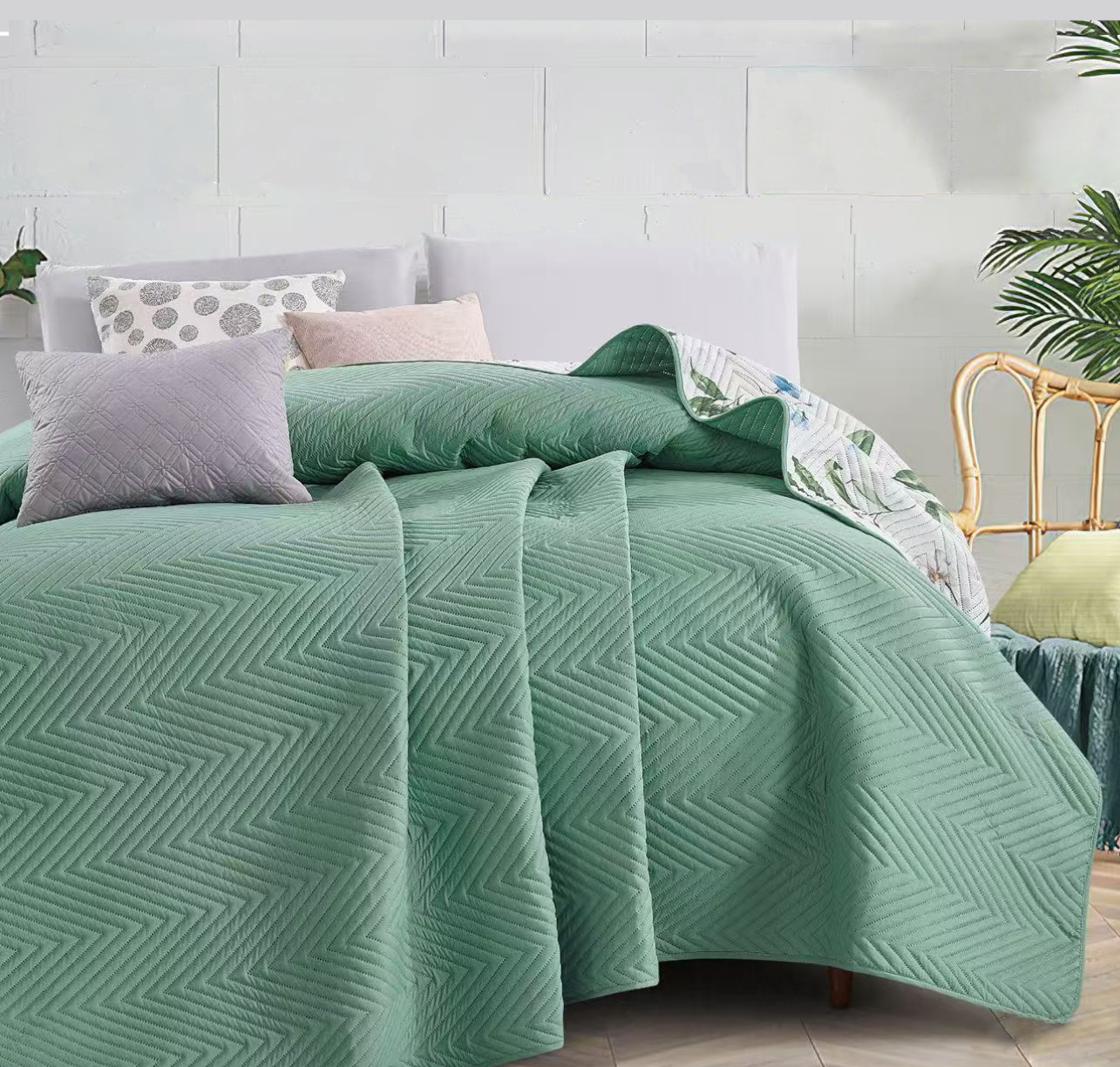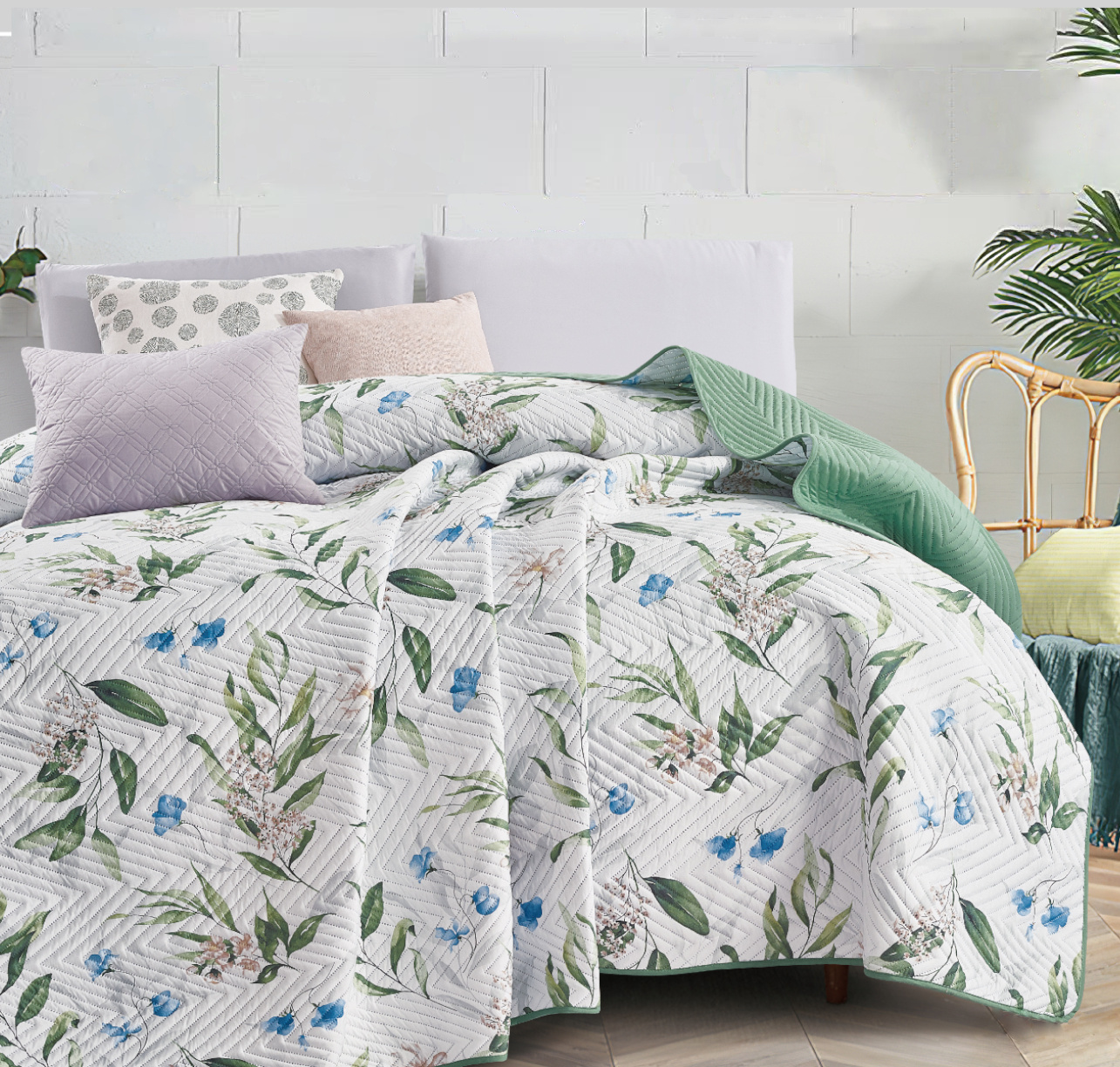 - Pikowana narzuta na duże łóżko z wypełnieniem, ozdobny wzór roślinny, dwustronna, dwukolorowa
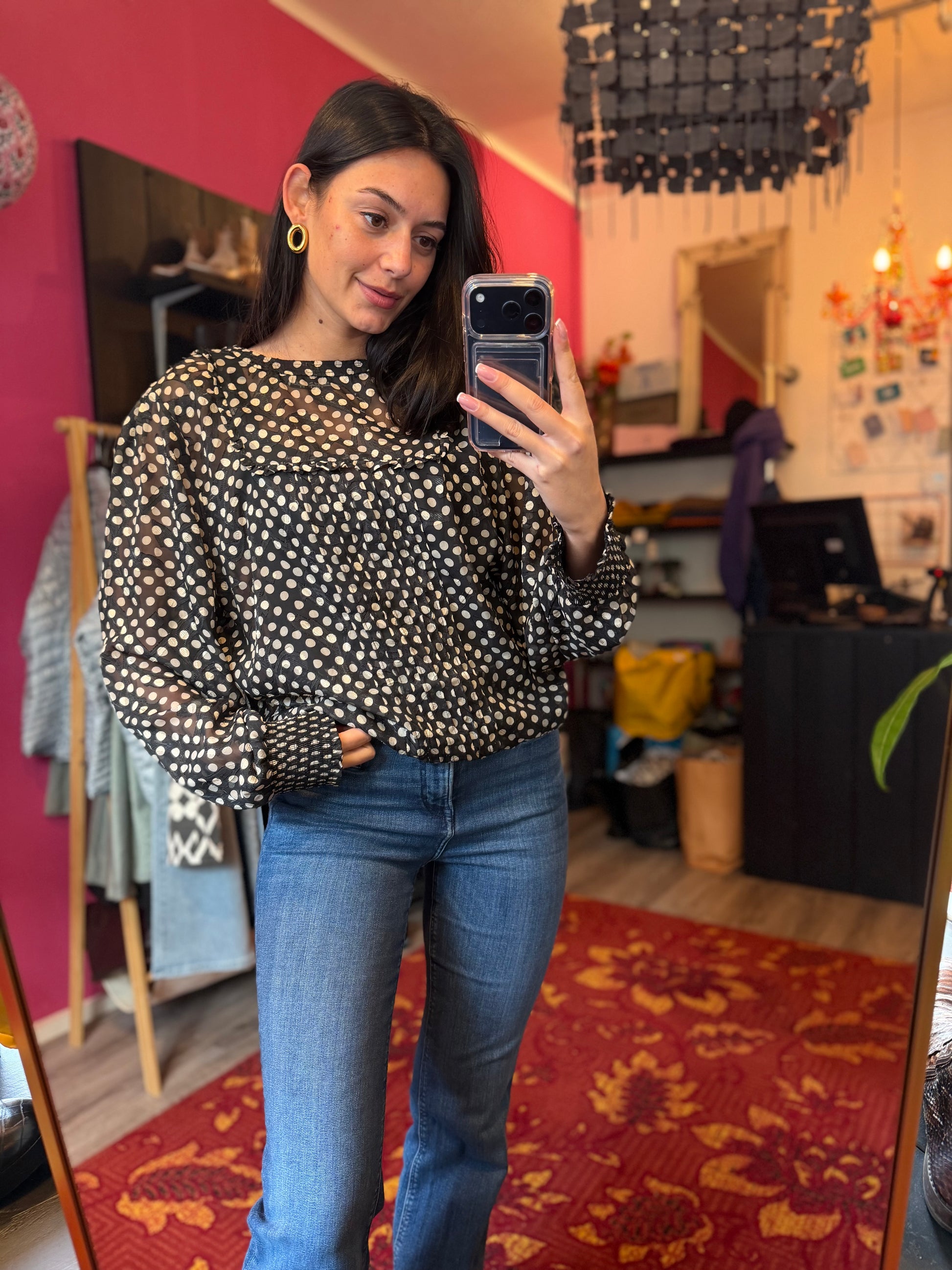 The size is clearly indicated on each product. This is the exact size as indicated on the label. To give the best possible impression of the fit, Dominique sometimes uses clips to adjust the clothing for the photos.
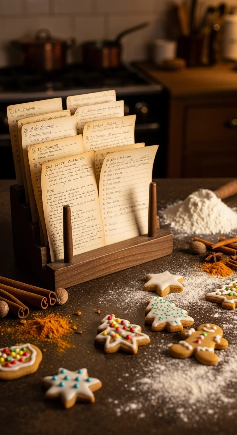Show off old family recipes as part of your decor. Place them in a small frame or stand near your baking area. It adds a sentimental touch while keeping your favorite treats within reach.
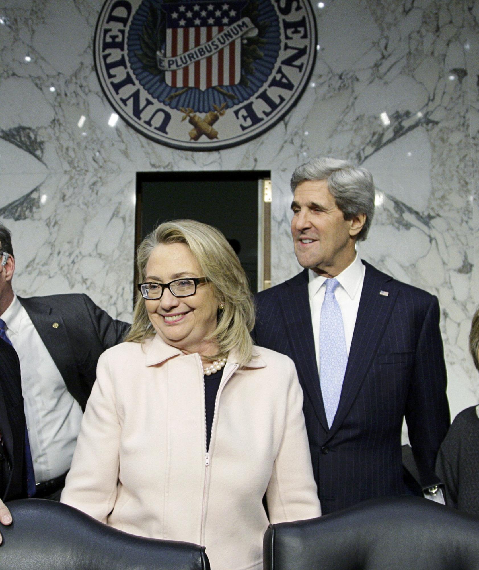 1月24日,希拉里和克里(右)出席在國會舉行的國務(wù)卿提名人聽證會。
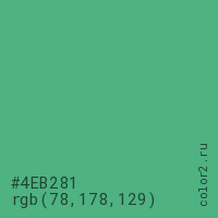 Цвет #4EB281 в цветовой модели RGB обозначается тремя октетами (78, 178, 129) в десятичном формате и #4EB281 в шестнадцатиричном (hex) формате, которые являются интенсивностью красного 78 (hex 4E), интенсивность зелёного 178 (hex B2) и интенсивность синего 129 (hex 81).
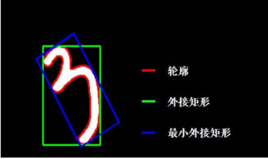 轮廓的外接矩形有两种,如下图,绿色的叫外接矩形boundingRect(),表示不考虑旋转并且能包含整个轮廓的矩形。蓝色的叫最小外接矩形minAreaRect(),考虑了旋转
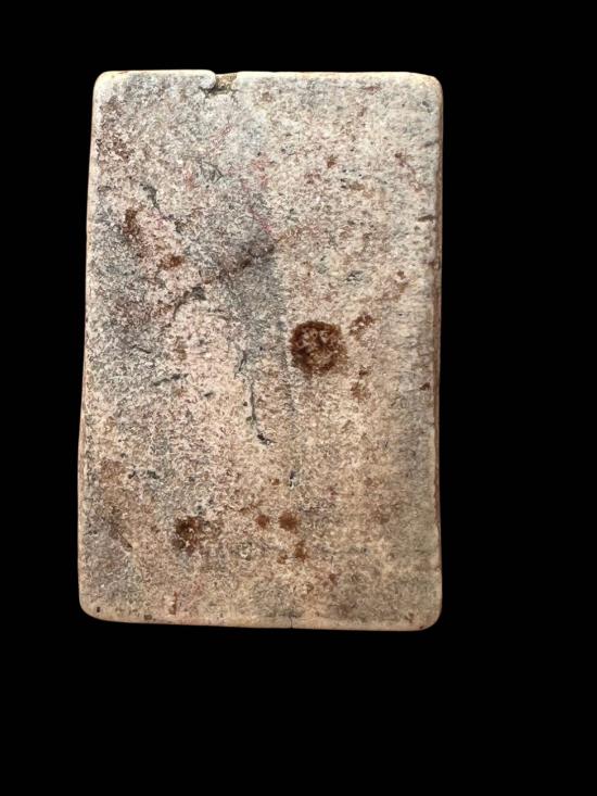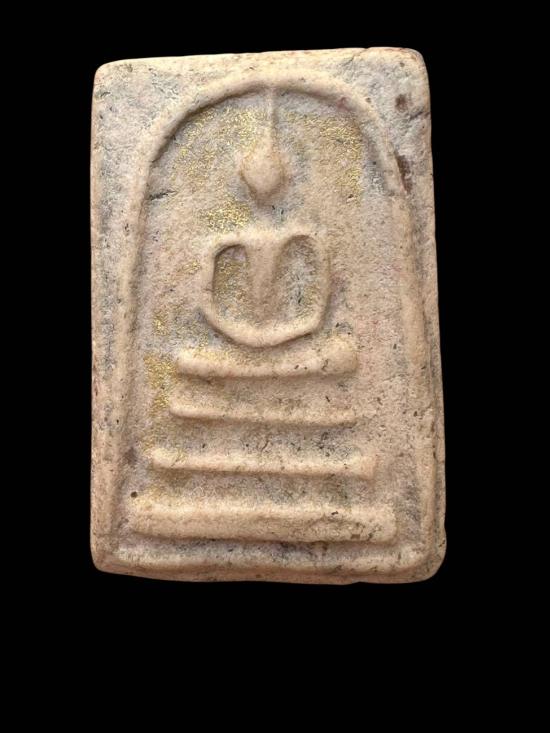 พระสมเด็จเนื้อผงเก่า ไม่ทราบที่ พิมพ์มาตรฐานทรงสี่เหลี่ยม ฐานสามชั้น องค์พระนั่งสมาธิภายในซุ้มโค้ง เส้นฐานและซุ้มยังเห็นเค้าโครงชัด ผิวเนื้อแห้งเก่าตามอายุ มีคราบกรุ คราบฝ้า และร่องรอยการใช้งานจริงตามธรรมชาติ มวลสารเนื้อผงกระจายตัวดี ดูง่าย ไม่ผ่านการล้างหรือแต่งผิว เหมาะสำหรับสายพระสมเด็จที่เน้นบูชาใช้งาน พกติดตัวได้สบายใจ
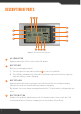 DESCRIPTION OF PARTS 2 1 3 4 14 5 13 6 12 7 11 10 9 8 Figure 1: JControl Monitoring Panel 1 AC CONNECTED Appears when the J35 is connected to AC mains. 2 BATTERY OFF Battery off will appear when: 1. The user presses the battery button 4 to enter Sleep Mode. 2. The J35 has automatically entered Sleep Mode to preserve battery capacity until the battery can be charged.
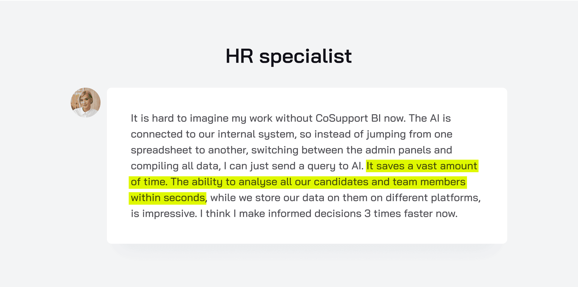 The result: an HR specialist makes decisions about candidates three times faster:
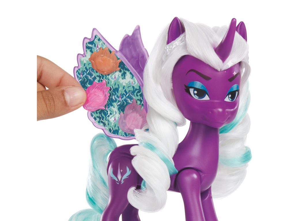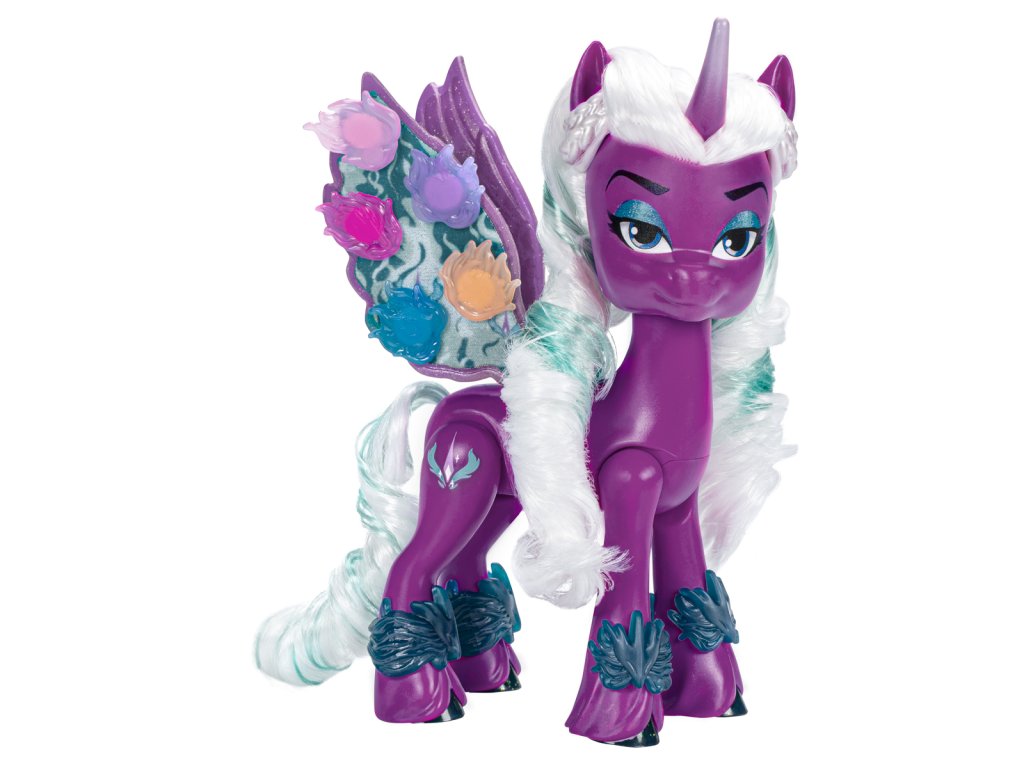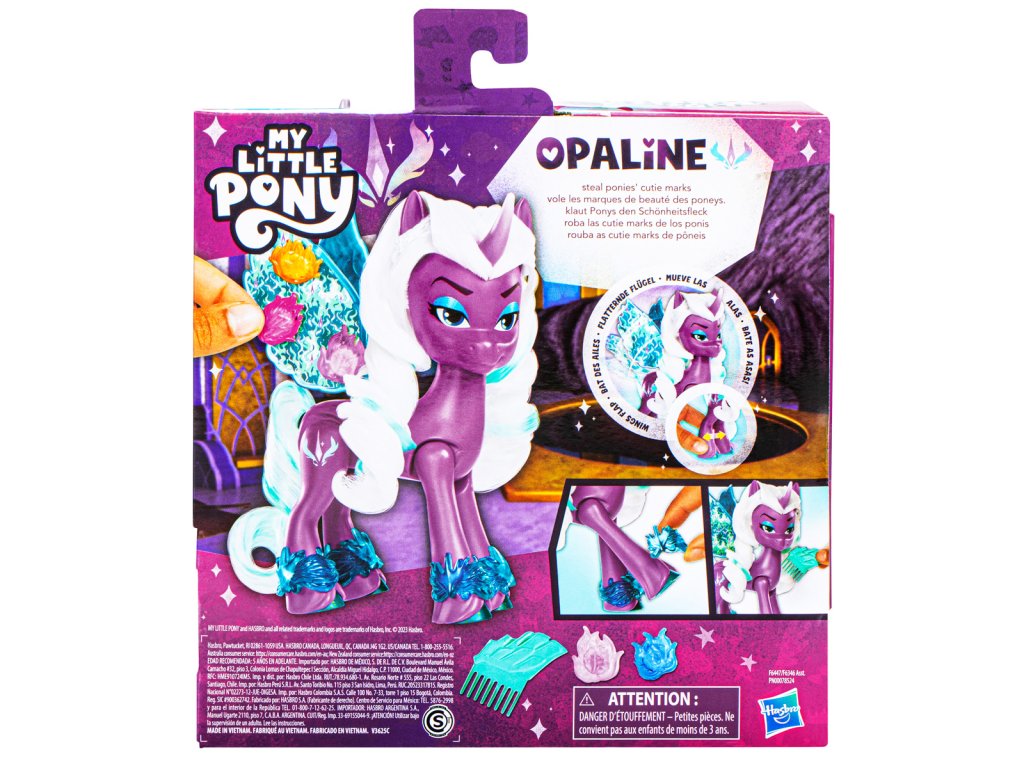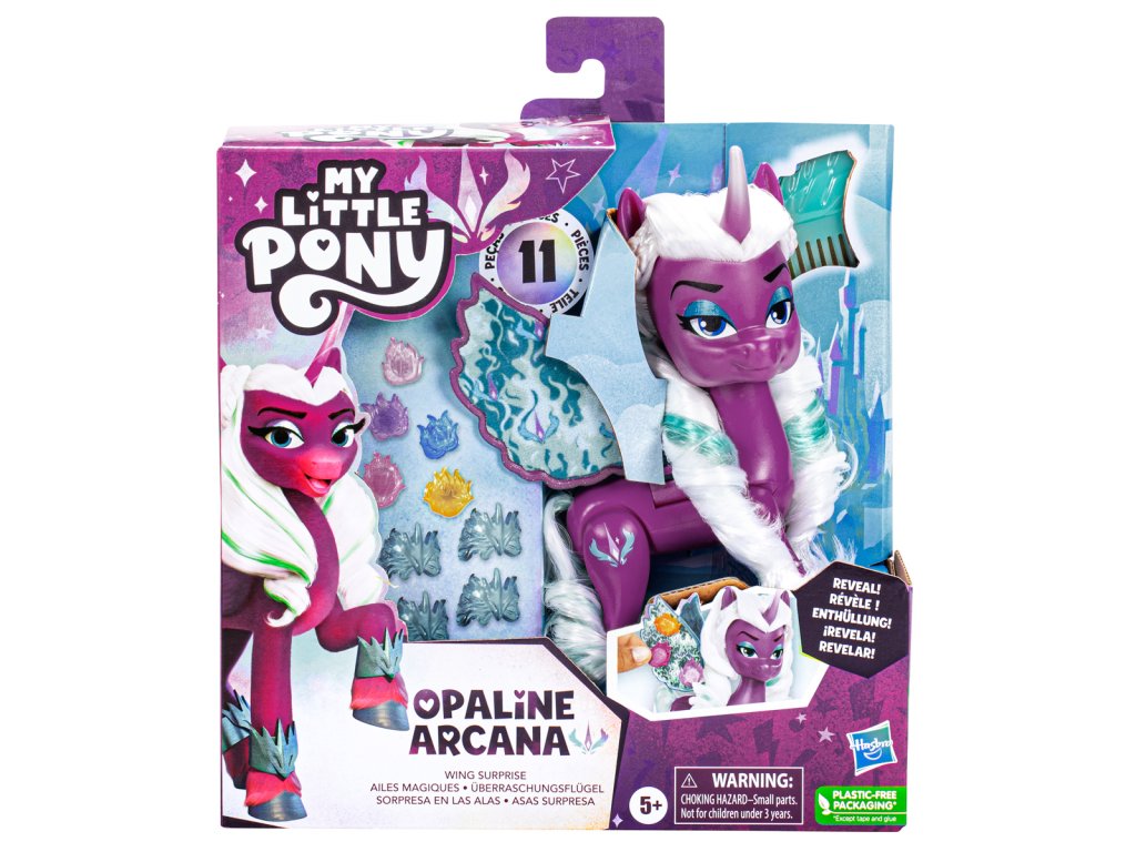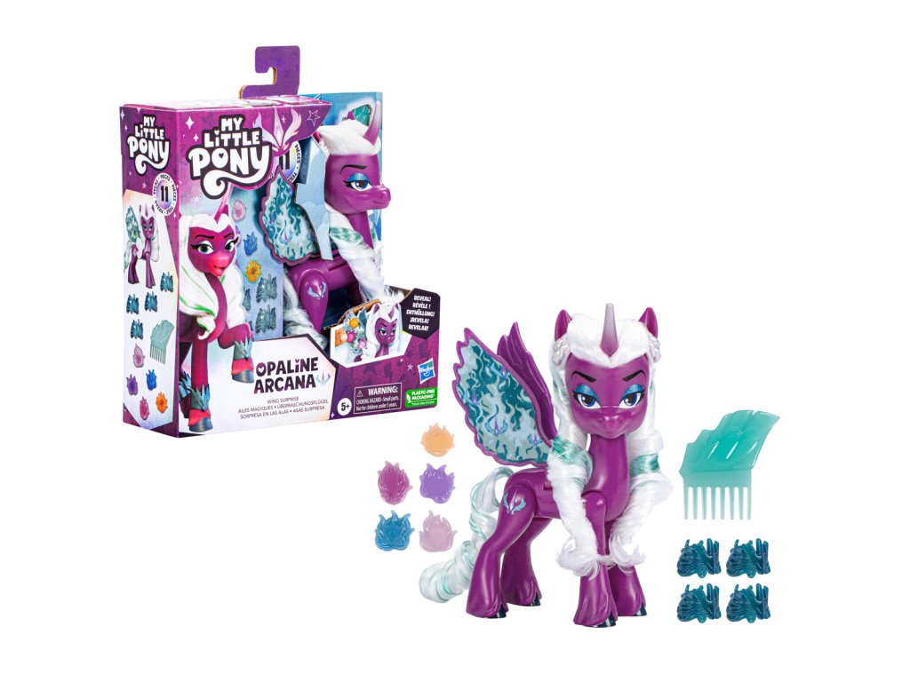 Objevte kouzelná tajemství s hračkou My Little Pony Wing Surprise Opaline Arcana! Opaline je zloduch z rodu Ohnivých alicornů, který se snaží ukrást poníkům Cutie Marks v seriálu My Little Pony. Připoj barevné přívěsky k Opalininým krásným křídlům! Pak zmáčkni zadní nohy figurky, aby se její křídla třepotala nahoru a dolů. Součástí balení je 10 doplňků pro stylizaci. Přizpůsob si její vzhled pomocí 4 náramků inspirovanými seriálem, které se připojují k jejím nohám. Tato panenka My Little Pony je fialová figurka Alicorna s Alicorn Cutie Mark na jedné straně. Figurka má měkké, dlouhé bílé vlasy a hřeben pro zábavný styling! Rozměry balení: 20 x 20,5 x 6,5 cm. Věk: 5+

--------------------------------

Give the records again exactly as they stand, so that only the pictures are missing.

 - Pikowana narzuta na duże łóżko z wypełnieniem, ozdobny wzór roślinny, dwustronna, dwukolorowa
 The size is clearly indicated on each product. This is the exact size as indicated on the label. To give the best possible impression of the fit, Dominique sometimes uses clips to adjust the clothing for the photos.
Show off old family recipes as part of your decor. Place them in a small frame or stand near your baking area. It adds a sentimental touch while keeping your favorite treats within reach.
 1月24日,希拉里和克里(右)出席在國會舉行的國務(wù)卿提名人聽證會。
 Цвет #4EB281 в цветовой модели RGB обозначается тремя октетами (78, 178, 129) в десятичном формате и #4EB281 в шестнадцатиричном (hex) формате, которые являются интенсивностью красного 78 (hex 4E), интенсивность зелёного 178 (hex B2) и интенсивность синего 129 (hex 81).
 轮廓的外接矩形有两种,如下图,绿色的叫外接矩形boundingRect(),表示不考虑旋转并且能包含整个轮廓的矩形。蓝色的叫最小外接矩形minAreaRect(),考虑了旋转
 พระสมเด็จเนื้อผงเก่า ไม่ทราบที่ พิมพ์มาตรฐานทรงสี่เหลี่ยม ฐานสามชั้น องค์พระนั่งสมาธิภายในซุ้มโค้ง เส้นฐานและซุ้มยังเห็นเค้าโครงชัด ผิวเนื้อแห้งเก่าตามอายุ มีคราบกรุ คราบฝ้า และร่องรอยการใช้งานจริงตามธรรมชาติ มวลสารเนื้อผงกระจายตัวดี ดูง่าย ไม่ผ่านการล้างหรือแต่งผิว เหมาะสำหรับสายพระสมเด็จที่เน้นบูชาใช้งาน พกติดตัวได้สบายใจ
 DESCRIPTION OF PARTS 2 1 3 4 14 5 13 6 12 7 11 10 9 8 Figure 1: JControl Monitoring Panel 1 AC CONNECTED Appears when the J35 is connected to AC mains. 2 BATTERY OFF Battery off will appear when: 1. The user presses the battery button 4 to enter Sleep Mode. 2. The J35 has automatically entered Sleep Mode to preserve battery capacity until the battery can be charged.
 The result: an HR specialist makes decisions about candidates three times faster:
 Objevte kouzelná tajemství s hračkou My Little Pony Wing Surprise Opaline Arcana! Opaline je zloduch z rodu Ohnivých alicornů, který se snaží ukrást poníkům Cutie Marks v seriálu My Little Pony. Připoj barevné přívěsky k Opalininým krásným křídlům! Pak zmáčkni zadní nohy figurky, aby se její křídla třepotala nahoru a dolů. Součástí balení je 10 doplňků pro stylizaci. Přizpůsob si její vzhled pomocí 4 náramků inspirovanými seriálem, které se připojují k jejím nohám. Tato panenka My Little Pony je fialová figurka Alicorna s Alicorn Cutie Mark na jedné straně. Figurka má měkké, dlouhé bílé vlasy a hřeben pro zábavný styling! Rozměry balení: 20 x 20,5 x 6,5 cm. Věk: 5+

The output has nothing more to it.